▸ Collected material:
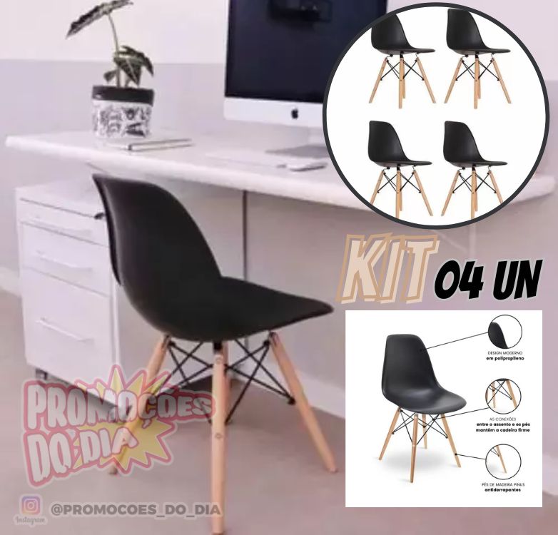 Kit 4 Cadeiras Eames Eiffel Preto – Xplast
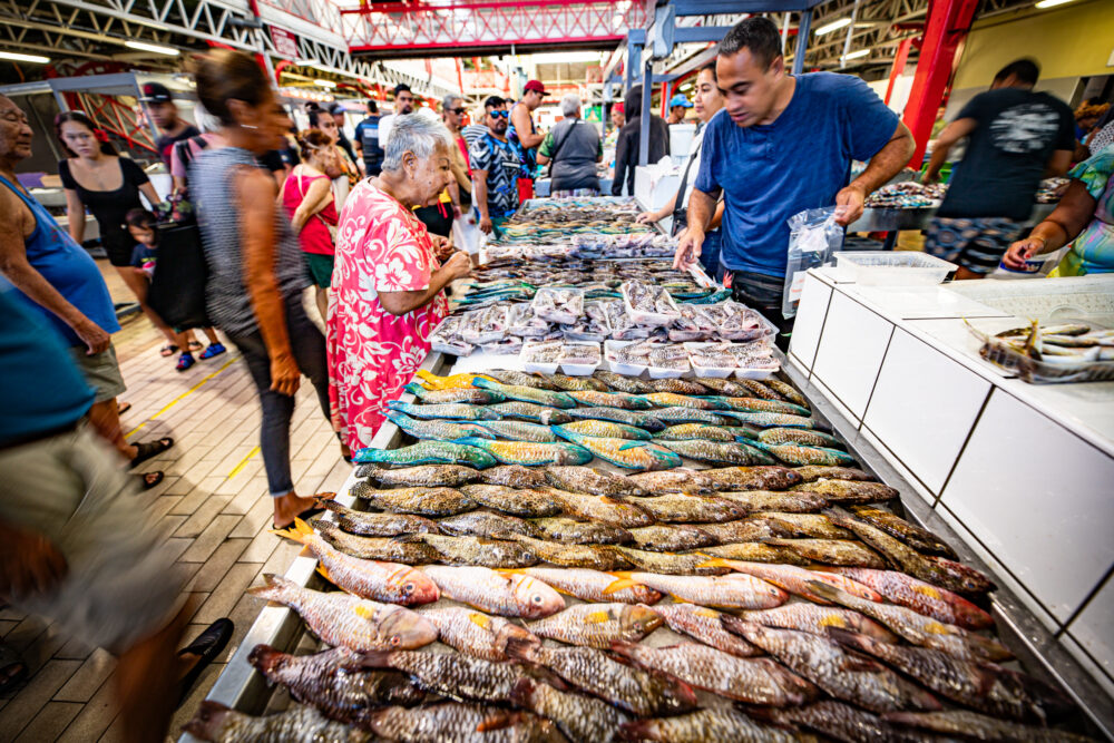 Le cliché est tiré d’un triptyque sur le thème « Jour de marché ». « Le marché de Papeete, particulièrement le dimanche matin de bonne heure, est typique avec son ambiance extraordinaire. Un lieu que je connais intimement, raconte la photographe. Pendant quelques années, mon père, agriculteur, y proposait aussi nos produits le dimanche matin : salades, pota verts, herbes aromatiques, fruits. Pour ce faire, tout était préparé la veille puis le jour J, il fallait se lever dans la nuit pour faire le trajet, installer le stand et accueillir les premiers clients. C’est un souvenir fort… Ce projet photographique m’a permis de retrouver l’ambiance vibrante et humaine du marché. C’était un vrai bonheur de rencontrer les maraîchers, de voir leurs gestes, leurs sourires. »
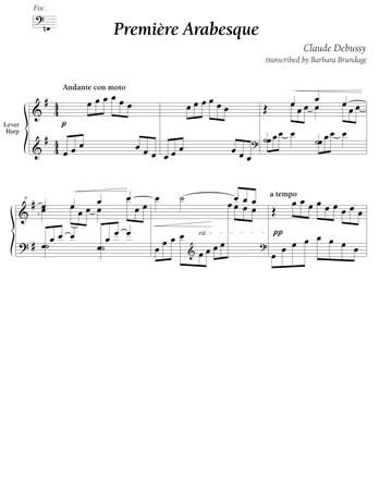 A lever harp transcription of the lyrical and flowing First Arabesque, originally written for piano. Key of G, lever changes are clearly marked, harmonies and original melody are not compromised. The three-against-two rhythm of the main sections are challenging for any musician, but so satisfying to the listener. ADVANCED, ALL HARPS.

▸ Problem to solve: Only the lines from the one containing "Le cliché est" through the last line of the data may appear in the answer, each given again exactly and with pictures left out.

▸ Reply to the task:
 Le cliché est tiré d’un triptyque sur le thème « Jour de marché ». « Le marché de Papeete, particulièrement le dimanche matin de bonne heure, est typique avec son ambiance extraordinaire. Un lieu que je connais intimement, raconte la photographe. Pendant quelques années, mon père, agriculteur, y proposait aussi nos produits le dimanche matin : salades, pota verts, herbes aromatiques, fruits. Pour ce faire, tout était préparé la veille puis le jour J, il fallait se lever dans la nuit pour faire le trajet, installer le stand et accueillir les premiers clients. C’est un souvenir fort… Ce projet photographique m’a permis de retrouver l’ambiance vibrante et humaine du marché. C’était un vrai bonheur de rencontrer les maraîchers, de voir leurs gestes, leurs sourires. »
 A lever harp transcription of the lyrical and flowing First Arabesque, originally written for piano. Key of G, lever changes are clearly marked, harmonies and original melody are not compromised. The three-against-two rhythm of the main sections are challenging for any musician, but so satisfying to the listener. ADVANCED, ALL HARPS.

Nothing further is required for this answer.